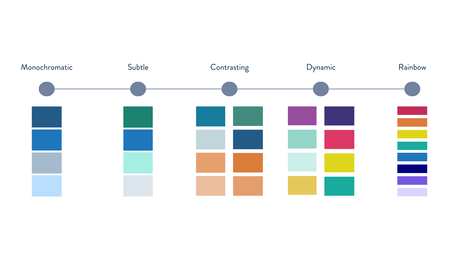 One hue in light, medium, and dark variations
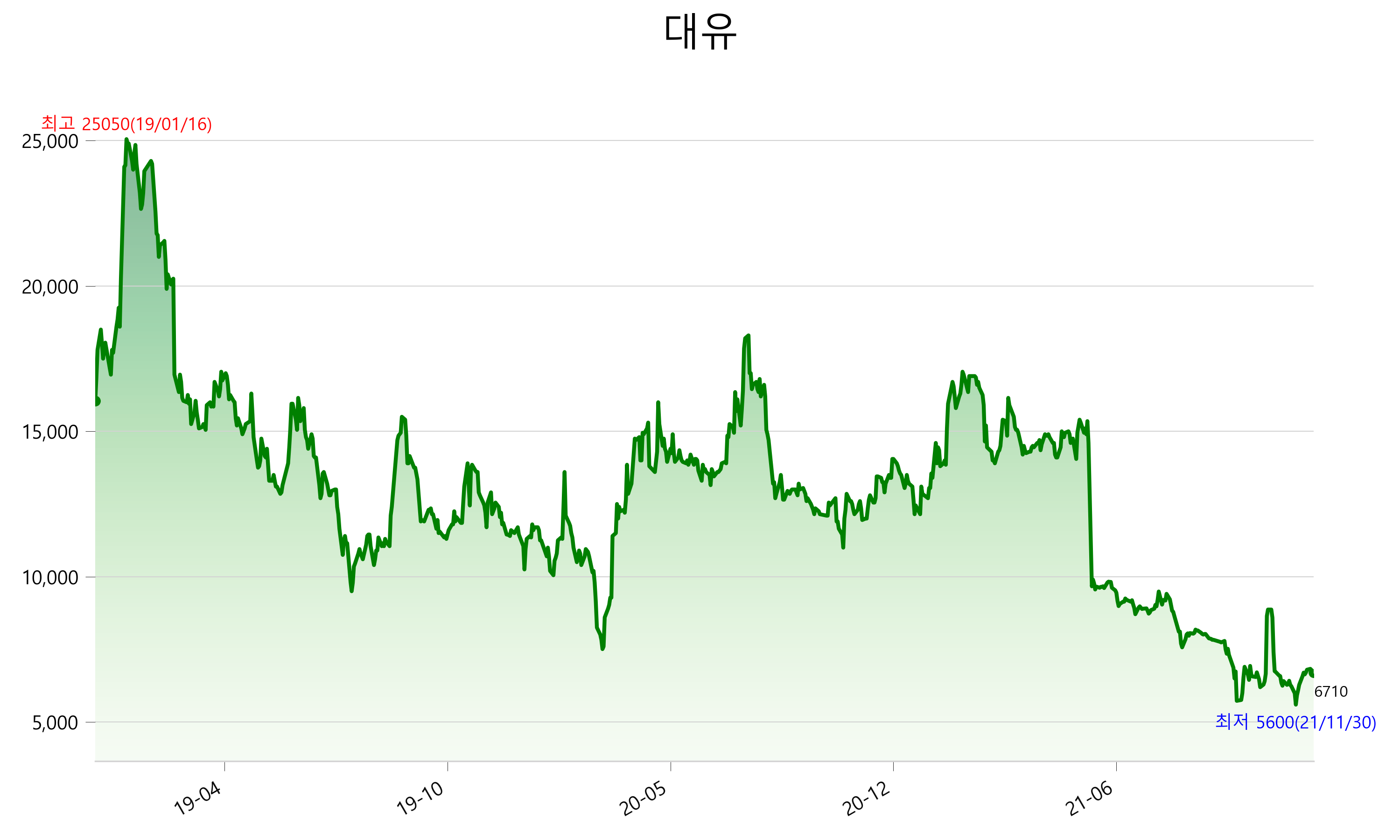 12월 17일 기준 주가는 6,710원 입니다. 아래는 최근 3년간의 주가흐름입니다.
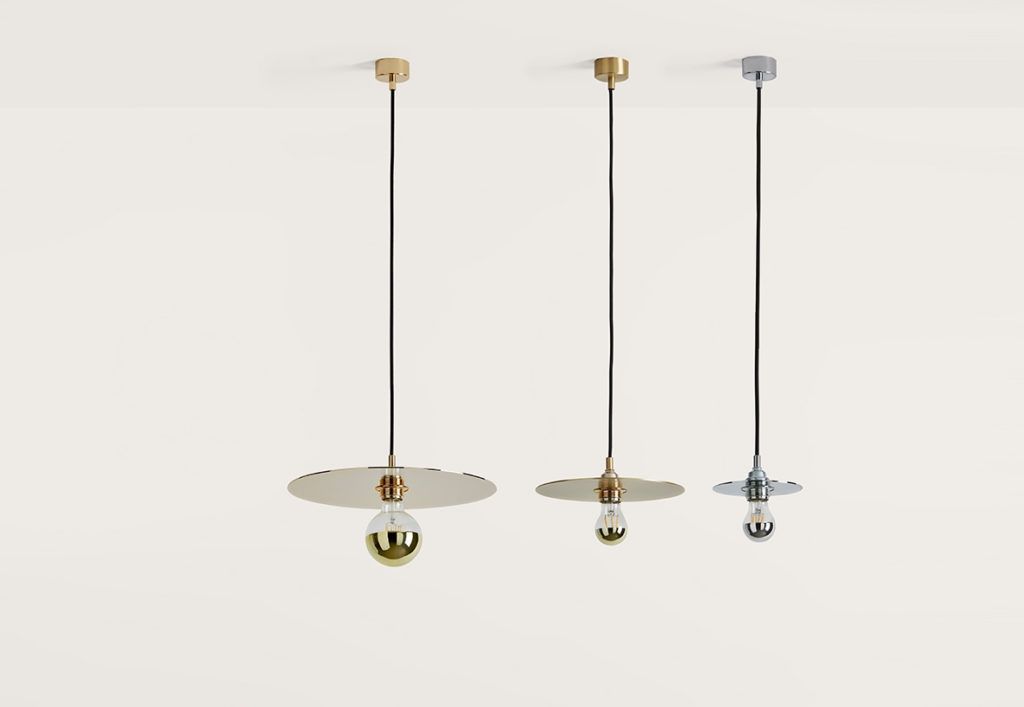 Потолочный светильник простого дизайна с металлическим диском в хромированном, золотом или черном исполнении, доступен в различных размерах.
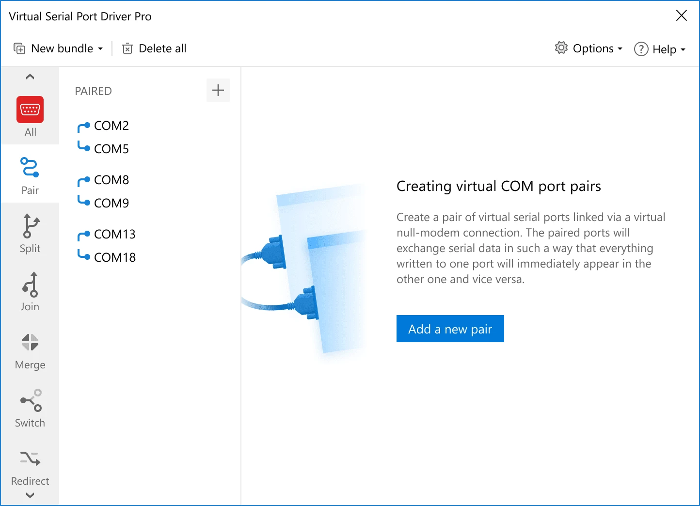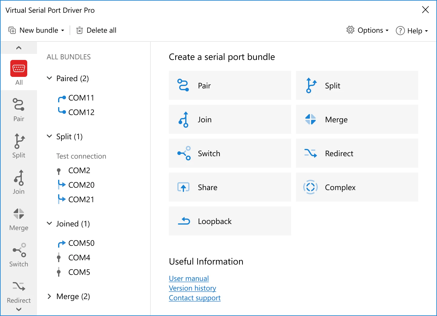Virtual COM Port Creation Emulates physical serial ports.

---

* _Work instructions_:
Lines from the start of the listing above through the line holding "Потолочный светильник простого" are to be duplicated exactly, and nothing more; leave out the pictures.

* _Worked solution_:
 One hue in light, medium, and dark variations
 12월 17일 기준 주가는 6,710원 입니다. 아래는 최근 3년간의 주가흐름입니다.
 Потолочный светильник простого дизайна с металлическим диском в хромированном, золотом или черном исполнении, доступен в различных размерах.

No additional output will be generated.